# Horrible first endo appointment



## stlthyroid (Feb 6, 2011)

After two surgical consults, both of which who told me to have my diffuesly enlarged thyroid with multinodular goiter removed, my appointment with an endo went horrible. She reviewed my labs, ask me a series of questions, and then proceeded to tell me that she would not recomend removing my thyroid until my labs showed an abnormal range. Since the biopsy was benign, her reccomendation was to just watch it, and scan it again in six months to check for changes in size.

She totally dismissed my symptoms as unrelated to the multinodular goiter, so much to the point that the two of us were literally arguing in her office.

I called the surgeon back, and of course he said, I could choose to just watch it, but based on the size of the nodules, he felt like it was an abnormal organ, and he doesn't believe in leaving abnormal growing thryoids in your body.

I realize none of you are doctors, but if it were "you", and you had the symptoms I have, as well as the visible lump on my throat, what would you do? Andros, Lavender, I'm lookin for some guidance here.

I just feel like she completely invalidated my feelings. My body is telling me there is somthing wrong.


----------



## McKenna (Jun 23, 2010)

My endo also was not supportive of my having my thyroid removed. He wanted to wait and see if we could control it with meds, but the problem was that I had high TSI, plus hypo symptoms and it was impossible to get under control. I also had a large cold nodule with inconclusive results and I was not comfortable leaving it in there or only removing one lobe. (I interviewed three surgeons, and one of them only wanted to a lobectomy...no thanks!)

I went with my gut and had it removed. At a recent appointment with my endo he asked how I was doing with it gone and I said I felt better in a lot of ways. Then he finally acknowledged that it was probably better I had it out. I am still trying to get situated on a replacement dose, so I'm dealing with those symptoms, but I don't regret getting mine out. I know it's going to be a long road back to health, and I knew before getting it out that it will take time.
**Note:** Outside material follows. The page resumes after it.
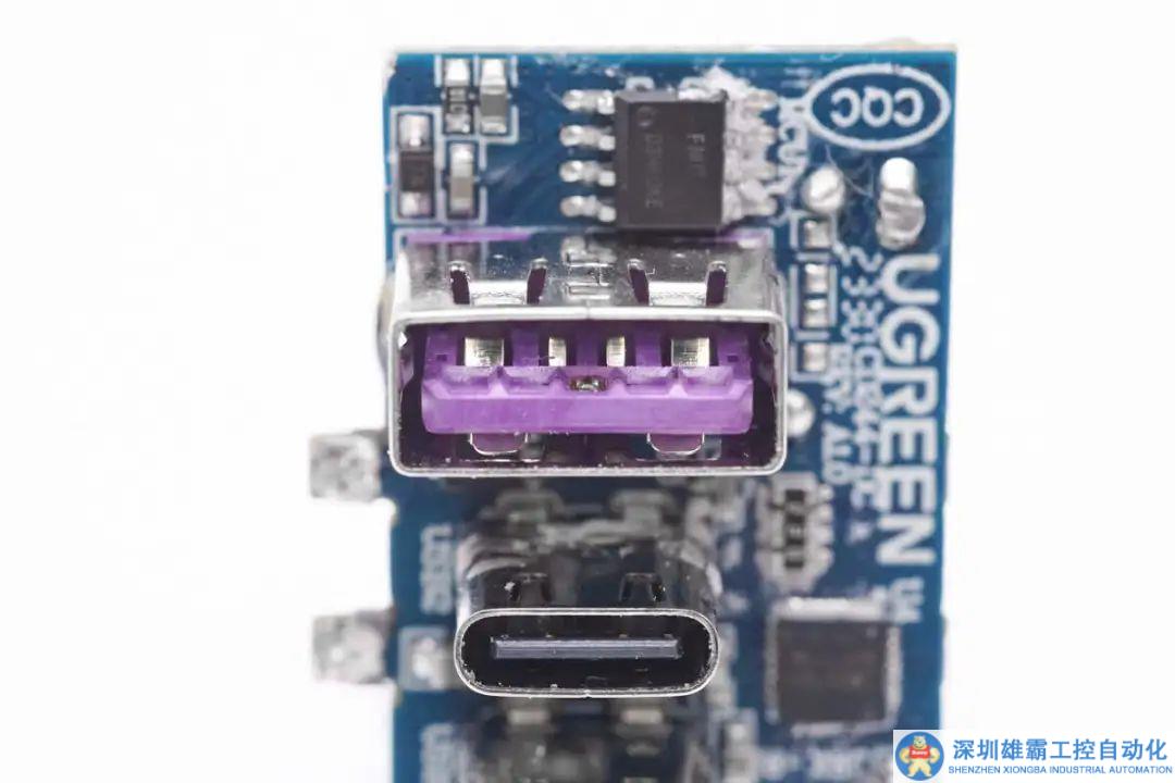 USB-A母座采用紫色膠芯,前端設(shè)有輔助觸點(diǎn)。
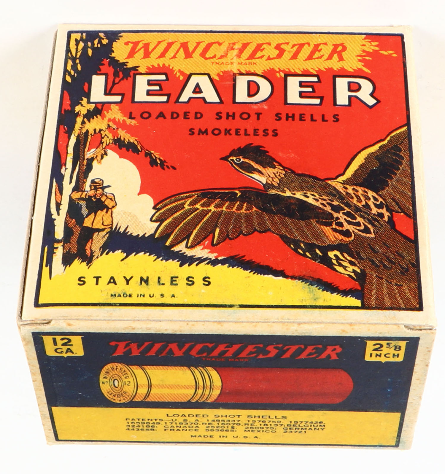 Winchester, LEADER QUAIL BOX, with Acrylic box, NEAR MINT, 12ga., 1pc., Full, shot size 8 Chilled, multi colored box with flying Quail & hunter in background, Staynless, 2 5/8'', Loading: 3 Drams 1 Oz. No. 8 Chilled Shot, box is very solid with amazing colors, Shells are excellent. Grade: Excellent ++ - Value: 600 to 1200

You have to look at the whole picture and what you are comfortable with. I wish you the best with your decision. I know it's not an easy one.


----------



## lainey (Aug 26, 2010)

Surgeons like to operate, so that is what they are inclined to recommend.

Doctors like to treat, so that is what they like to recommend. They look at numbers, most of them are not into validating your feelings.

If your labs are normal, what makes you think that surgery is the answer to your symptoms, which are____________ specifically?

Has anyone run any antibodies tests on you?

Refresh my memory re: the sizes of the nodules? Nodules are very common in the general population, and thyroid tissue as well as nodules may swell and shrink in response to a variety of health conditions in addition to thyroid problems.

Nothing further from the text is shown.